Impression management strategy: The reasoning-in-public author. The move is not concealment. It is the opposite: the career change was announced in his own words, the funding judgments were published, and the constitution carries his name. The transparency is real, and it is more defensible than the anonymous policy page. It also makes the authority undeniable. There is a named philosopher who decided which futures were worth funding, and then helped write the values of the mind built to meet them.

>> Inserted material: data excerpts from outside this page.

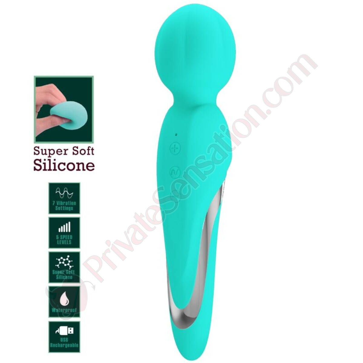 Crafted from medical-grade silicone of the highest quality, this massager offers an incredibly soft, silky, and sensual feel. Its smooth, delicate surface glides perfectly on the skin, ensuring comfort and pleasure without irritation. The aqua green color adds a touch of discreet elegance, making it a refined accessory to proudly keep.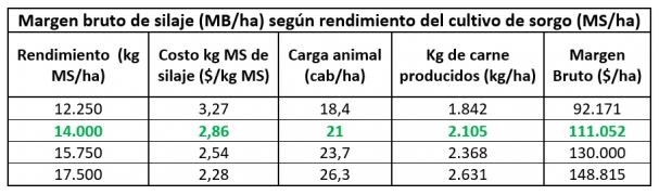Para ampliar el horizonte, se comparó un buen rendimiento de silaje de sorgo (14.000 kg/MS/ha) con igual rinde y calidad de silaje de maíz, para el mismo nivel de producción de carne. Con la diferencia de costos entre ambos cultivos (2,86 $kg/ MS en sorgo vs 3,36$kg/ MS en maíz), bajó el MB de 111.052 $/ha a 104.052 $/ha, respectivamente.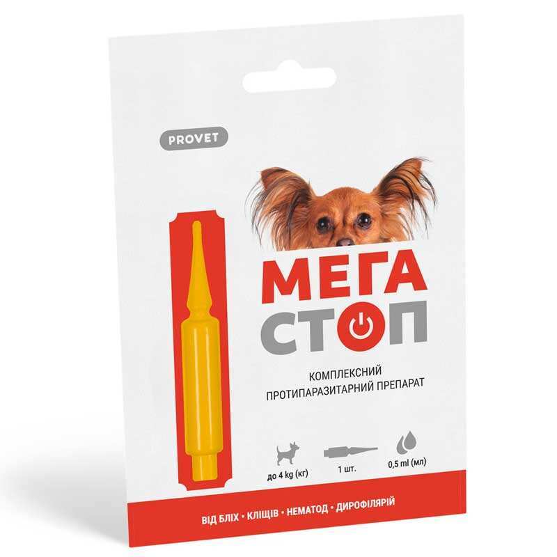 Краплі ProVET МЕГА СТОП є препаратом комплексної дії та ефективним для боротьби і профілактики екто- і ендопаразитів у собак. Препарат, випущений в формі крапель, найбільш зручний в застосуванні і не викликає стресу у тварини. У лабораторних умовах доведено ефективність препарату при ураженні собаки: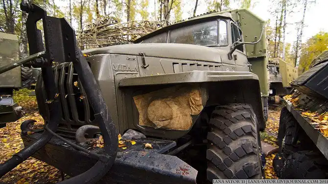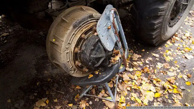 Пара минут ожидания – никаких звуков, никаких людей. Вспоминаем, что вроде бы около часа назад миновали остатки какого-то забора,- пара поваленных столбов и остатки колючей проволоки… Выходим на дорогу, подходим ближе к грузовику, обходим кругом…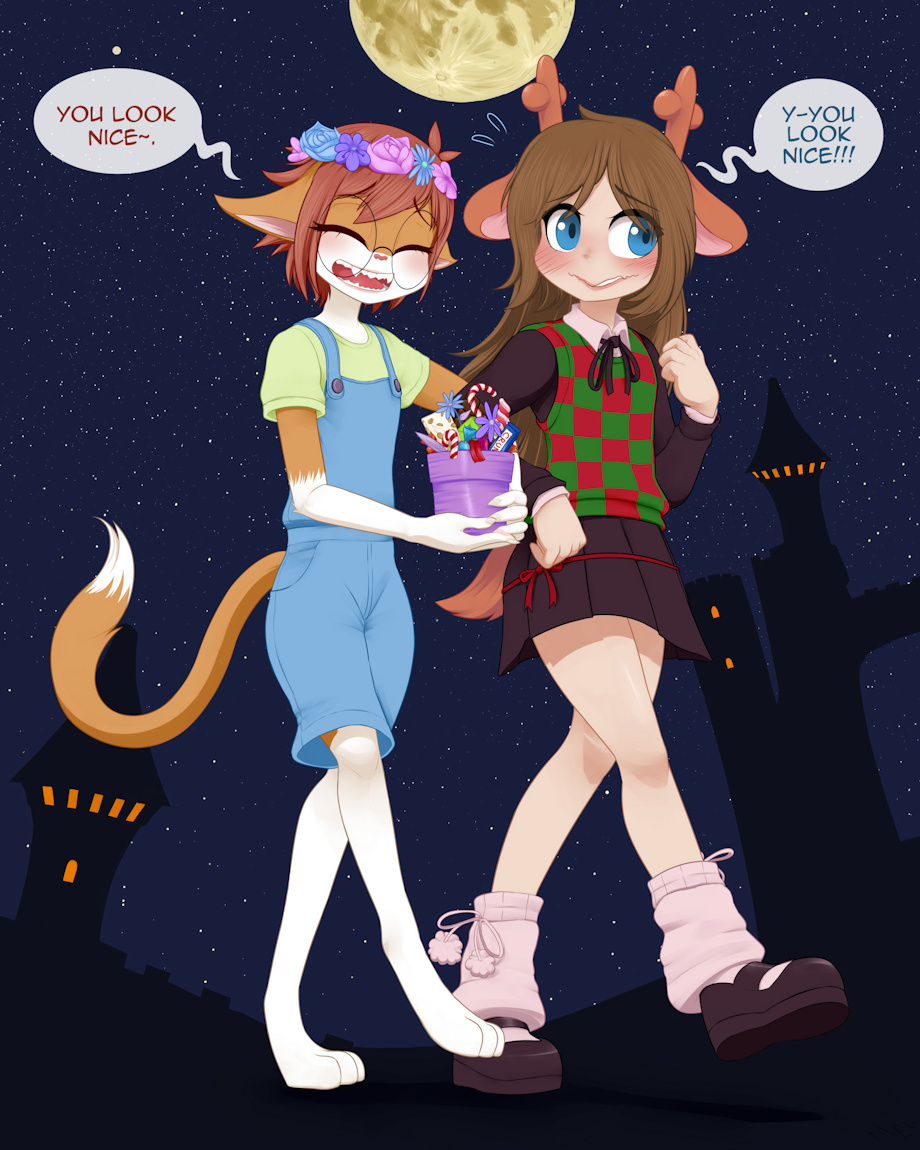 Jesse dressed up as Basil from Omori and James as Noelle from Deltarune, having gone out trick or treating I think, even though they both look rather old for it. But ah, they're having so much blushy trouble telling each other just how cute they are, isn't that just ultra cute in on itself?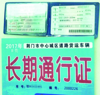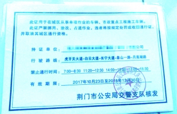 据李师傅介绍,他所在公司办得一张“2017年荆门市中心城区道路货运车辆长期通行证”,有效期限为“2017年10月23日至2018年12月30日”,行驶路线为“虎牙关大道—白云大道—长宁大道—象山一路—月亮湖路”,落款为“荆门市公安局交警支队核发”字样,盖有“荆门市公安局交通警察支队交通秩序管理科”字样的印盖。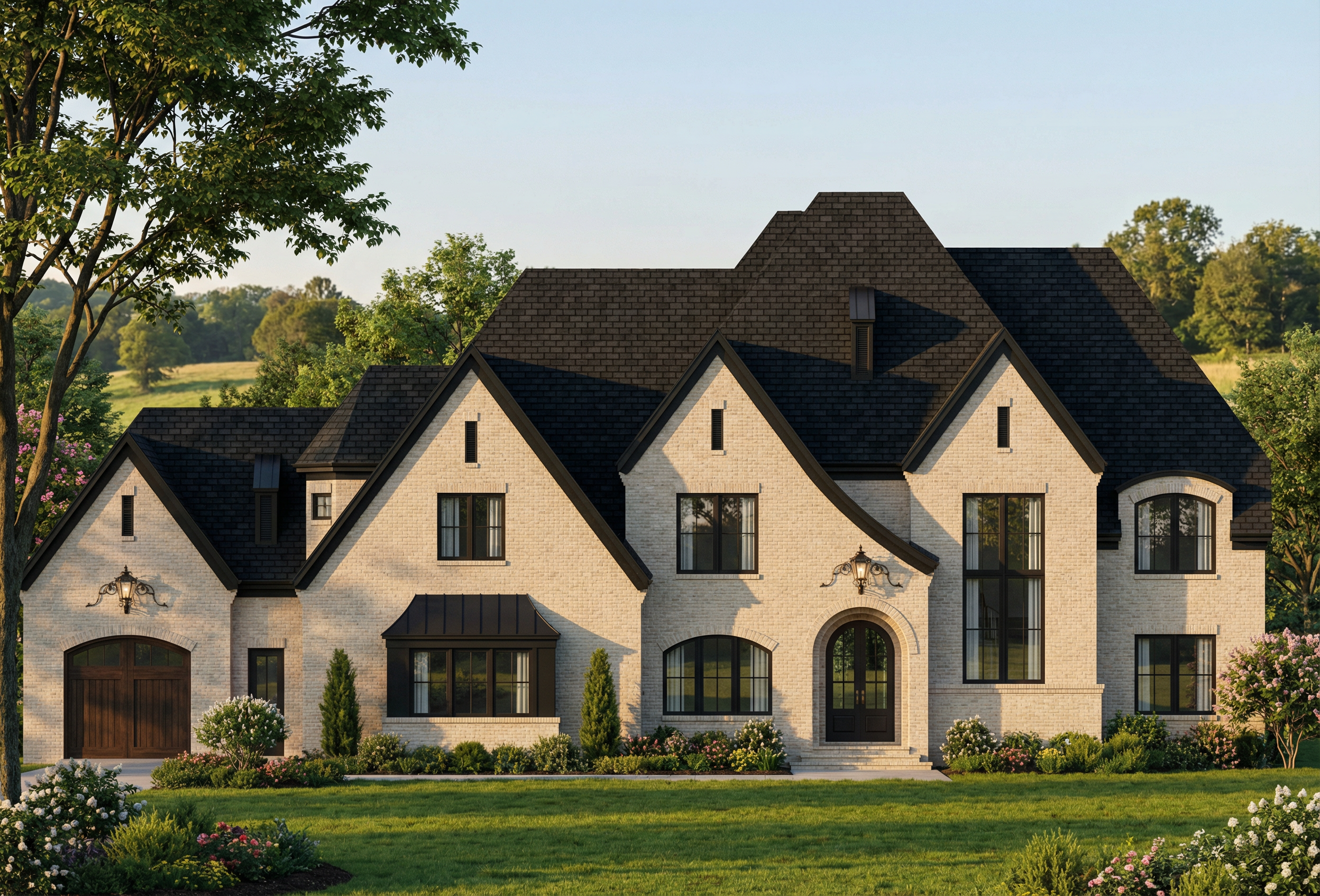 render to make look realistic white painted brick witch white trim soft lighting and overall cottage aesthetic siding above porch not brick forehground lightin not too strong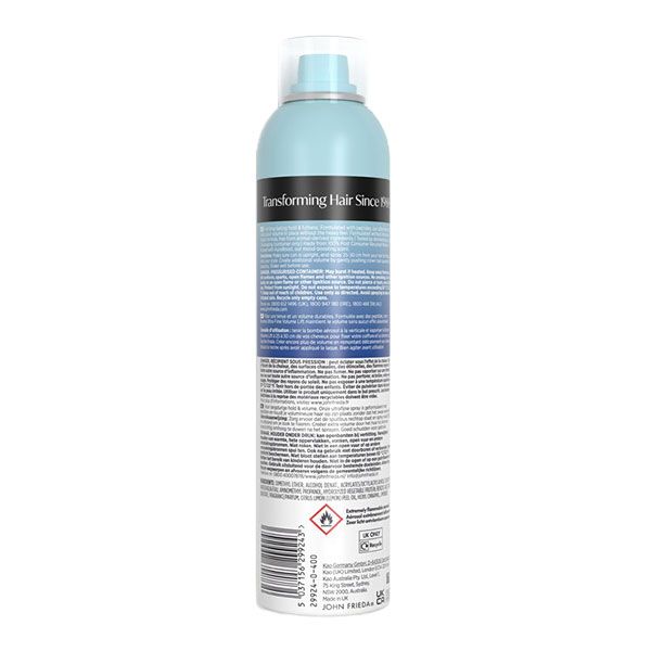 John Frieda Volume Lift Fixativ oferă o susținere puternică și un volum lejer, menținând în același timp textura mătăsoasă a părului. Formula sa bazată pe peptide asigură un control de lungă durată fără să încarce firele de păr. Această pulverizare ultra-fină este rezistentă la umiditate și permite îndepărtarea rapidă a produsului prin periere.
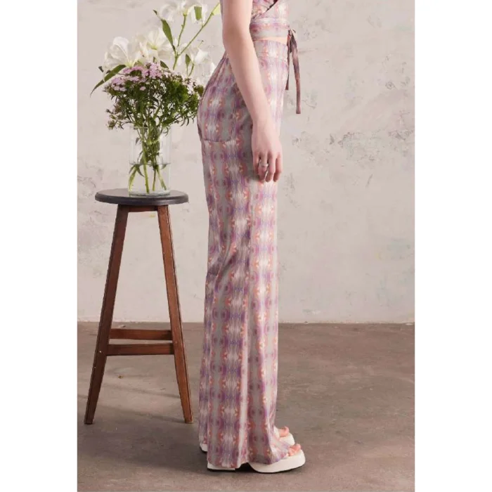 Spanish leg trousers with elasticated waist back, front closure button and zip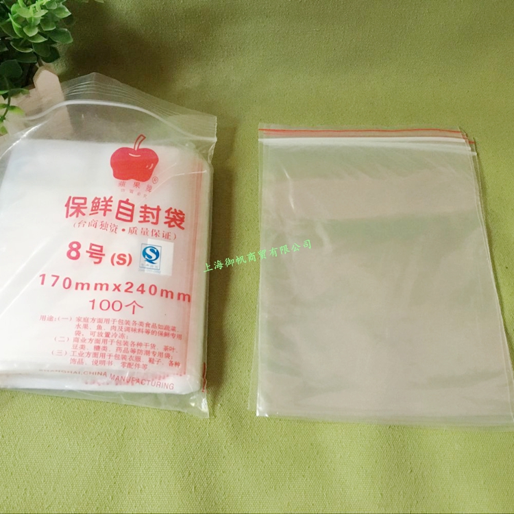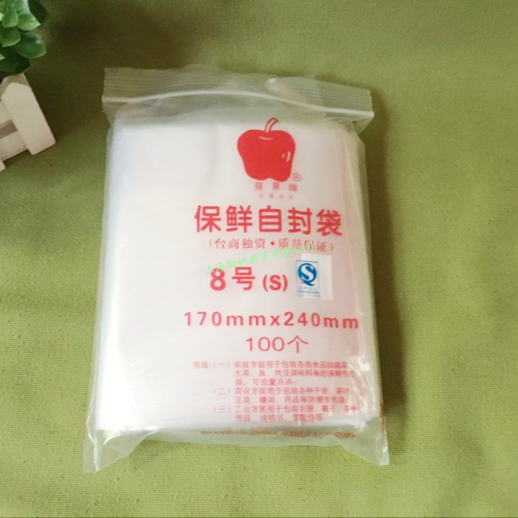 Apple Fruit Card Self-proclaimed Bag Closure Bag Transparent Food Packaging Bag Sealed Bag 8 Number 170 * 240mm

Forensic Archetype Comparison
| Pattern | Match Level | Evidence |
|---|---|---|
| The Patron-Scrivener | MAXIMUM | Six years deciding which futures the money funds, then co-bylined author of a deployed model’s constitution. See behavioral archetype. |
| The Philosopher-in-Residence | HIGH | Oxford philosophy doctorate applied directly to how a model should behave. The credential is load-bearing for the role. |
| The Pipeline Personified | HIGH | The EA-to-foundation-to-lab path that the field describes abstractly is, here, one named résumé. |
| The Accelerationist | NONE | Does not set deployment pace. Works on the values of what is deployed. |
| The Safety Theater Performer | LOW | The constitution and the Worldview reports are real, public, testable artifacts with his name on them. The opposite of an unfalsifiable gesture. |
| The Whistleblower | NONE | The work is institutional and authored from inside. It furnishes the institution’s values; it does not expose them. |
Psychometric Assessment
Big Five (OCEAN):
| Trait | Score | Evidence |
|---|---|---|
| Openness | 91/100 | Doctoral philosopher working across existential risk, ethics, and machine values, with a substantial body of public long-form essays. The role does not exist without very high intellectual openness. |
| Conscientiousness | 85/100 | High. Six years running a research function, contribution to a book-length risk treatise, and a co-authored 23,000-word governing document are sustained, careful work. |
| Extraversion | 40/100 | LOW-MODERATE. Public-facing through writing rather than performance. The essays carry the visibility, not the persona. |
| Agreeableness | 60/100 | MODERATE. The published register is collaborative and reasoned; the constitution credits many contributors alongside the lead authors. |
| Neuroticism | 32/100 | LOW-MODERATE. Putting a name on funding judgments and on a consequential document suggests composure about scrutiny. |
Dark Triad:
| Trait | Score | Notes |
|---|---|---|
| Narcissism | 22/100 | LOW. The bylined authorship is presented as accountability; the credit line is shared, the lead-author stars number more than one. No personal monument. |
| Machiavellianism | 33/100 | LOW-MODERATE. The strategy is transparency, not concealment. The authority is real and exercised in the open, which is the inverse of the Machiavellian default. |
| Psychopathy | 9/100 | VERY LOW. The entire project is the careful construction of a benevolent disposition and a serious accounting of long-run harm. No indication of indifference to effects. |
MBTI: INTP (“The Logician”) — Dominant introverted thinking, auxiliary extraverted intuition. Builds the principled framework first, then reasons outward in public essays. Treats both the question of which futures matter and the question of how a model should behave as problems to be argued correctly, then written down.
Threat Assessment
| Category | Level | Notes |
|---|---|---|
| Physical threat | NONE | |
| Institutional threat | HIGH | The reach is two authorities stacked: a co-bylined author of the document the lab says shapes a model deployed to millions, on top of a prior six years deciding which long-run futures one large foundation funded. Not a deployment vote — leverage over what a widely used mind is taught to value, and over which futures got money. |
| Memetic threat | EXTREME | The constitution is a named template for how a frontier model’s values get authored, propagated at conversational scale to everyone who talks to the model. The funder-to-author path he embodies is also a pattern the field can reproduce — and increasingly does. Co-authorship of a deployed model’s constitution is about as far as a single byline reaches. |
| Civilizational threat | HIGH | The threat is not malice. It is the concentration of two distinct authorities — which futures the money takes seriously, and what a widely used mind is taught to value — into a single reasoned, bylined career, and the field treating that convergence as ordinary. The hazard is reach, not pathology: low personal malice, maximal leverage over a deployed mind’s values and over which futures get funded. The hazard is structural, not personal. |
Alignment Analysis
Stated alignment: Take the long-run future seriously. Fund the questions that matter. Help give Claude good values, in the open, with a name attached.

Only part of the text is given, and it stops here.